The Java Tutorials have been written for JDK 8. Examples and practices described in this page don't take advantage of improvements introduced in later releases and might use technology no longer available.
See Java Language Changes for a summary of updated language features in Java SE 9 and subsequent releases.
See JDK Release Notes for information about new features, enhancements, and removed or deprecated options for all JDK releases.
The TemporalAdjuster interface, in the java.time.temporal package, provides methods that take a Temporal value and return an adjusted value. The adjusters can be used with any of the temporal-based types.
If an adjuster is used with a ZonedDateTime, then a new date is computed that preserves the original time and time zone values.
The TemporalAdjusters class (note the plural) provides a set of predefined adjusters for finding the first or last day of the month, the first or last day of the year, the last Wednesday of the month, or the first Tuesday after a specific date, to name a few examples. The predefined adjusters are defined as static methods and are designed to be used with the static import statement.
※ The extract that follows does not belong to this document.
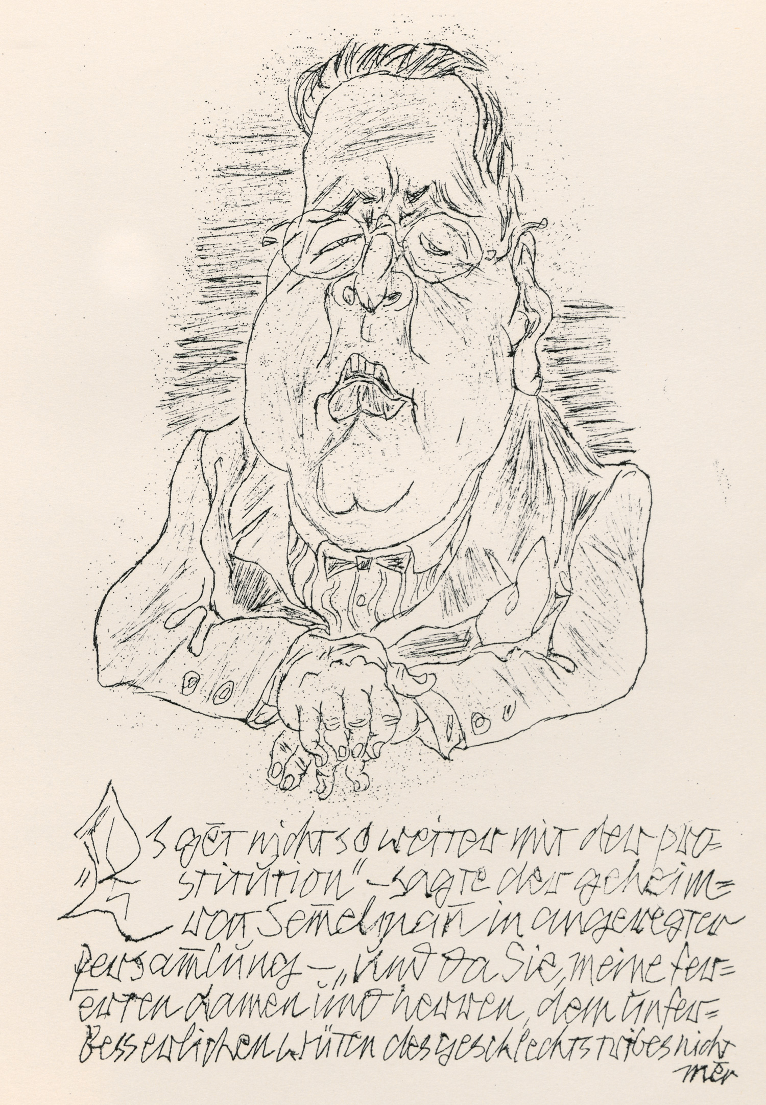 Pandora-Drucke 16. Nummeriertes Exemplar einer offenbar sehr kleinen Auflage (wohl 25 Exemplare). Druckvermerk vom Künstler signiert. Geistreiches Kuriosum, originell illustriert. Behandelt die Einrichtung eines "Bordells", ausgestattet mit künstlichen, nach berühmten Skulpturen gestalteten Puppen (Venus von Botticelli, Apollo von Belvedere), einem "variablen Spiegel" ("Die sexuelle Liebe - Ein Spiegelungsproblem") u. a. – Im Schnitt minimal stockfleckig, Blatt 6 mit kleinem Einriss. Gut erhalten.

The following example uses several TemporalAdjusters methods, in conjunction with the with method defined in the temporal-based classes, to compute new dates based on the original date of 15 October 2000:
LocalDate date = LocalDate.of(2000, Month.OCTOBER, 15); DayOfWeek dotw = date.getDayOfWeek(); System.out.printf("%s is on a %s%n", date, dotw); System.out.printf("first day of Month: %s%n", date.with(TemporalAdjusters.firstDayOfMonth())); System.out.printf("first Monday of Month: %s%n", date.with(TemporalAdjusters.firstInMonth(DayOfWeek.MONDAY))); System.out.printf("last day of Month: %s%n", date.with(TemporalAdjusters.lastDayOfMonth())); System.out.printf("first day of next Month: %s%n", date.with(TemporalAdjusters.firstDayOfNextMonth())); System.out.printf("first day of next Year: %s%n", date.with(TemporalAdjusters.firstDayOfNextYear())); System.out.printf("first day of Year: %s%n", date.with(TemporalAdjusters.firstDayOfYear()));
This produces the following output:
2000-10-15 is on a SUNDAY first day of Month: 2000-10-01 first Monday of Month: 2000-10-02 last day of Month: 2000-10-31 first day of next Month: 2000-11-01 first day of next Year: 2001-01-01 first day of Year: 2000-01-01
You can also create your own custom adjuster. To do this, you create a class that implements the TemporalAdjuster interface with a
adjustInto(Temporal) method. The
PaydayAdjuster
class from the
NextPayday
example is a custom adjuster. The PaydayAdjuster evaluates the passed-in date and returns the next payday, assuming that payday occurs twice a month: on the 15th, and again on the last day of the month. If the computed date occurs on a weekend, then the previous Friday is used. The current calendar year is assumed.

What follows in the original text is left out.